Fig 1: Haitz’s Law for LED flux—LED flux per package has doubled every 18–24 months for 30+ years. The Luxeon series of high power LEDs has dramatically improved the performance of LEDs causing the graph to manifest a knee in its plot.

Fig 2: Evolution of the LED lighting technology.

First Wave Status

Solid State Lighting solutions are now capable of replacing most conventional lighting sources, and technical development has largely turned from increasing the efficacy of LED sources (which is rapidly approaching the point of diminishing returns) to reducing the cost of LED light sources to drive more rapid market adoption. The focus on cost is driving continued rapid technology development across the entire solid state lighting supply chain. Everything from substrates used for epitaxial growth of LED structures to new integrated chip designs (high voltage and AC LEDs) and integrated control systems are under development. New thermal and optical materials are also being developed to address both performance and cost issues associated the design of LED packages and operation of lighting modules. Even the rules of illumination design specifications are being rewritten to accommodate the idiosyncrasies and new capabilities of solid state lighting. It is quickly becoming apparent that solid state lighting will outgrow the constraints of conventional bulb/socket lighting system design.

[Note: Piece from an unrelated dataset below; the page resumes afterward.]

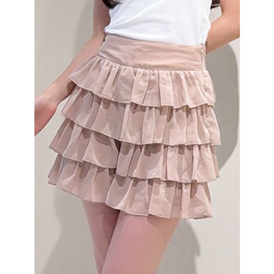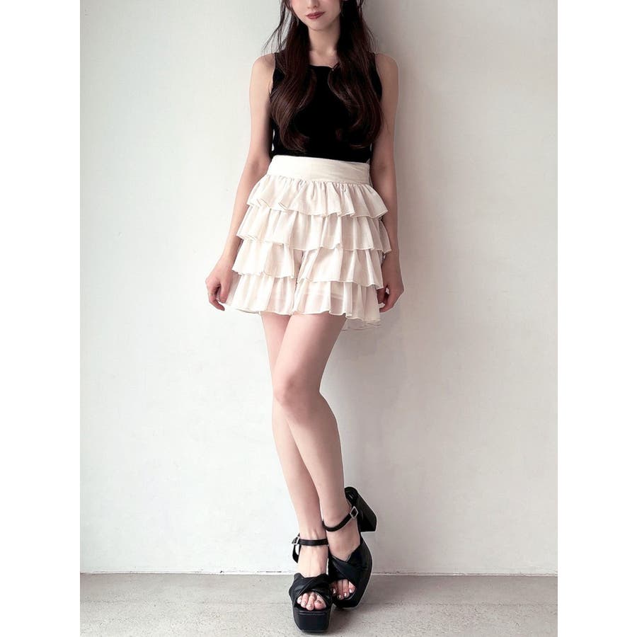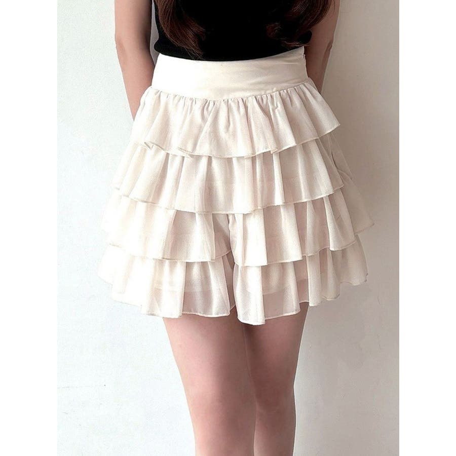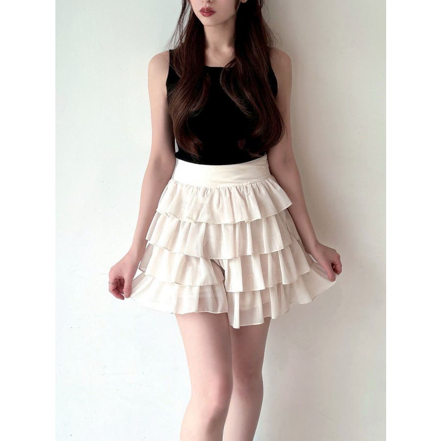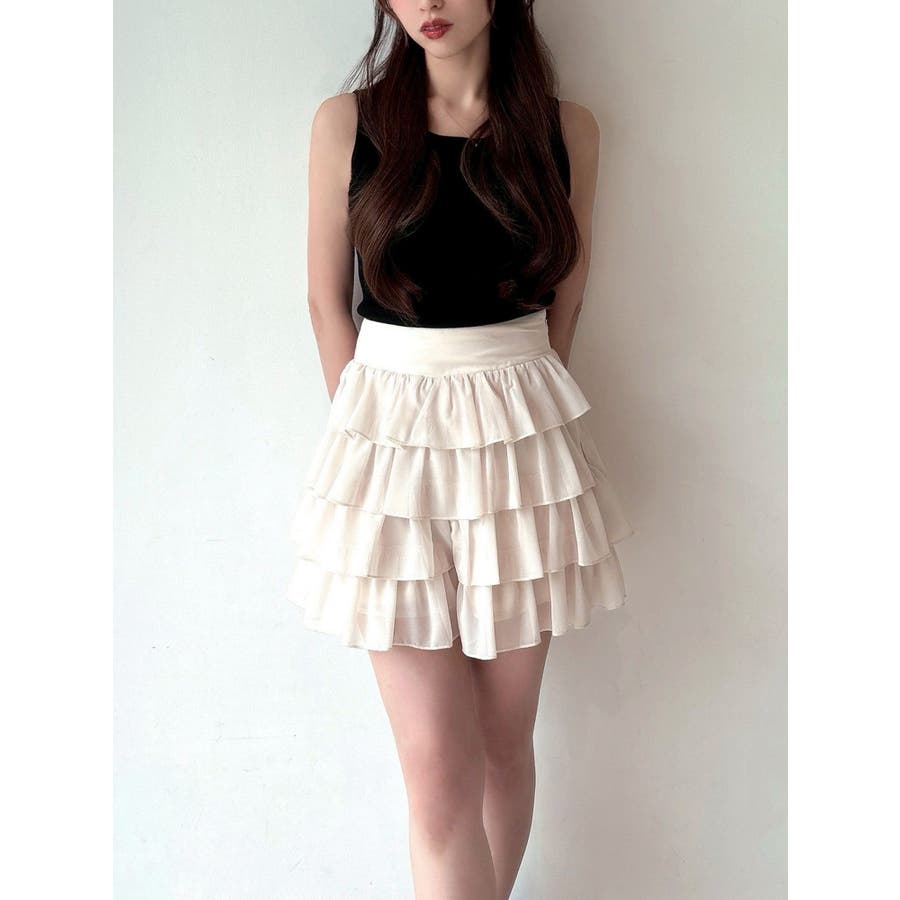 フリルデザインでボリューム感が可愛いショートパンツ▽デザイン▽フリルデザインの程よいボリューム感がトレンドルックに。スカートに見えてショートパンツの作りになっているので短めの着丈でも安心して着用いただけます。ハイウエストでウエスト幅がしっかりあるのでウエストラインの細見え効果も抜群!透け感のあるフリルを重ねているので抜け感があり、夏場にもピッタリの1着です。▽カラー▽白・黒・ピンクの3色展開。▽スタイリング▽同色のチュニックブラウスを合わせればセットアップ着用でワンピース見えのコーデに♪ハイウエストなのでお持ちのトップス合わせでもスタイルアップが叶うトレンドコーデが完成。春先や秋口にはゆるっとスウェットを合わせて裾からフリルを見せるのも可愛いです◎

Smart Lighting - the Second Wave

Spectral tunability and high speed LED switching capability, combined with networks of advanced sensors and adaptive lighting communications and control architectures will lead to the development of sensory lighting systems that adapt illumination to the needs of those occupying the illuminated space. New features will enable improved lighting system energy efficiency as well as improved human health and productivity. Future illumination systems will feature both intra-system (light-to-light) optical communications and data communications that will augment RF based communications systems for scalable, secure wireless communications. In addition, digitally modulated (and structured) lighting offers novel approaches to occupancy sensing (of both animate and inanimate objects). By improving the sensory functionality of illumination systems, adaptive lighting control methods superior to the current lighting management methods in use today will be possible.